READ: Real-time and Efficient Asynchronous Diffusion for Audio-driven Talking Head Generation

Authors:Haotian Wang, Yuzhe Weng, Jun Du, Haoran Xu, Xiaoyan Wu, Shan He, Bing Yin, Cong Liu, Jianqing Gao, Qingfeng Liu

The introduction of diffusion models has brought significant advances to the field of audio-driven talking head generation. However, the extremely slow inference speed severely limits the practical implementation of diffusion-based talking head generation models. In this study, we propose READ, the first real-time diffusion-transformer-based talking head generation framework. Our approach first learns a spatiotemporal highly compressed video latent space via a temporal VAE, significantly reducing the token count to accelerate generation. To achieve better audio-visual alignment within this compressed latent space, a pre-trained Speech Autoencoder (SpeechAE) is proposed to generate temporally compressed speech latent codes corresponding to the video latent space. These latent representations are then modeled by a carefully designed Audio-to-Video Diffusion Transformer (A2V-DiT) backbone for efficient talking head synthesis. Furthermore, to ensure temporal consistency and accelerated inference in extended generation, we propose a novel asynchronous noise scheduler (ANS) for both the training and inference process of our framework. The ANS leverages asynchronous add-noise and asynchronous motion-guided generation in the latent space, ensuring consistency in generated video clips.
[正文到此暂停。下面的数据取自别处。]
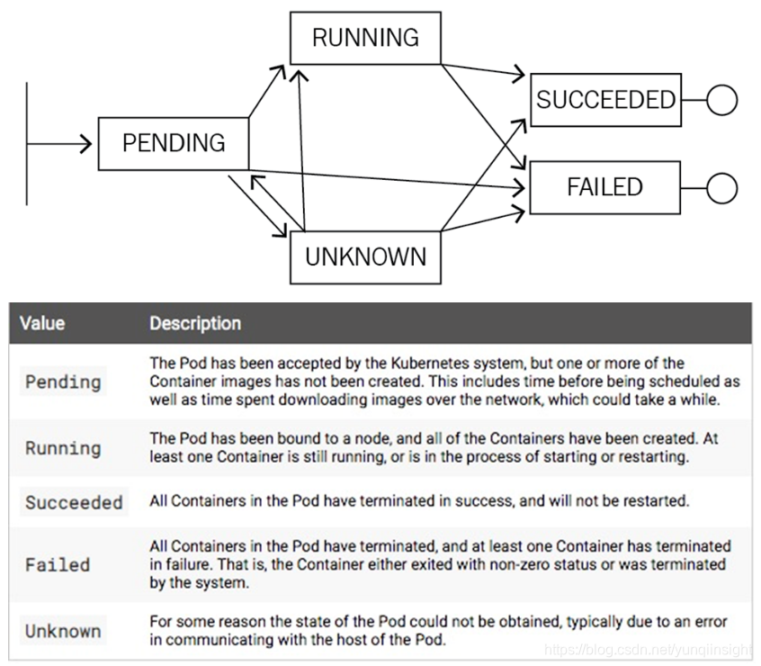比如说上面的图,实际上是一个 Pod 的一个生命周期。刚开始它处在一个 pending 的状态,那接下来可能会转换到类似像 running,也可能转换到 Unknown,甚至可以转换到 failed。然后,当 running 执行了一段时间之后,它可以转换到类似像 successded 或者是 failed,然后当出现在 unknown 这个状态时,可能由于一些状态的恢复,它会重新恢复到 running 或者 successded 或者是 failed 。

Experimental results demonstrate that READ outperforms state-of-the-art methods by generating competitive talking head videos with significantly reduced runtime, achieving an optimal balance between quality and speed while maintaining robust metric stability in long-time generation.

扩散模型的引入为音频驱动说话人头部生成领域带来了显著进展。然而，极慢的推理速度严重限制了基于扩散的说话人头部生成模型的实际应用。在本研究中，我们提出了READ，这是第一个基于实时扩散变压器的说话人头部生成框架。我们的方法首先通过时间VAE学习一个时空高度压缩的视频潜在空间，显著减少令牌计数以加速生成。为了在这个压缩的潜在空间内实现更好的音频视觉对齐，我们提出了一个预训练的语音自动编码器（SpeechAE）来生成与视频潜在空间对应的时空压缩语音潜在代码。然后，这些潜在表示由一个精心设计的音频到视频扩散变压器（A2V-DiT）主干进行建模，以实现高效的说话人头部合成。此外，为了确保扩展生成的时序一致性和加速推理，我们为框架的训练和推理过程提出了新型异步噪声调度器（ANS）。ANS利用潜在空间中的异步添加噪声和异步运动引导生成，确保生成视频剪辑的一致性。实验结果表明，READ通过生成竞争性的说话人头部视频并显著减少运行时间，在质量和速度之间实现了最佳平衡，同时在长时间生成中保持了稳健的指标稳定性，从而优于最先进的方法。

摘要
扩散模型的引入为音频驱动说话人头部生成领域带来了显著进展。然而，其极慢的推理速度严重限制了扩散式说话人头部生成模型的实际应用。本研究提出了READ，首个基于实时扩散转换器的说话人头部生成框架。该方法首先通过学习时空高度压缩的视频潜在空间，显著减少令牌计数以加速生成。为了在这个压缩的潜在空间内实现更好的音视频对齐，提出了预训练的语音自编码器（SpeechAE）来生成与视频潜在空间对应的时空压缩语音潜在代码。这些潜在表示由一个精心设计的音频到视频扩散转换器（A2V-DiT）主干进行建模，用于高效说话人头部合成。此外，为了确保扩展生成的时序一致性和加速推理，我们为框架的训练和推理过程提出了新型异步噪声调度器（ANS）。ANS利用潜在空间中的异步添加噪声和异步运动引导生成，确保生成视频剪辑的一致性。实验结果表明，READ优于现有最先进的方法，生成的说话人头部视频具有竞争力，运行时显著减少，在长时间生成的同时实现了质量与速度的平衡。

关键见解

扩散模型在音频驱动说话头生成领域有重大进展，但推理速度较慢。
READ框架是基于实时扩散转换器的首个说话头生成框架。
通过学习高度压缩的视频潜在空间来加速生成过程。
引入预训练的语音自编码器（SpeechAE）实现音视频对齐。
使用A2V-DiT主干进行音频到视频的潜在表示建模。
提出了新型的异步噪声调度器（ANS）以确保时序一致性和加速推理。

Cool Papers

点此查看论文截图

Multi-human Interactive Talking Dataset

Authors:Zeyu Zhu, Weijia Wu, Mike Zheng Shou

Existing studies on talking video generation have predominantly focused on single-person monologues or isolated facial animations, limiting their applicability to realistic multi-human interactions. To bridge this gap, we introduce MIT, a large-scale dataset specifically designed for multi-human talking video generation. To this end, we develop an automatic pipeline that collects and annotates multi-person conversational videos. The resulting dataset comprises 12 hours of high-resolution footage, each featuring two to four speakers, with fine-grained annotations of body poses and speech interactions. It captures natural conversational dynamics in multi-speaker scenario, offering a rich resource for studying interactive visual behaviors. To demonstrate the potential of MIT, we furthur propose CovOG, a baseline model for this novel task. It integrates a Multi-Human Pose Encoder (MPE) to handle varying numbers of speakers by aggregating individual pose embeddings, and an Interactive Audio Driver (IAD) to modulate head dynamics based on speaker-specific audio features. Together, these components showcase the feasibility and challenges of generating realistic multi-human talking videos, establishing MIT as a valuable benchmark for future research. The code is avalibale at: https://github.com/showlab/Multi-human-Talking-Video-Dataset.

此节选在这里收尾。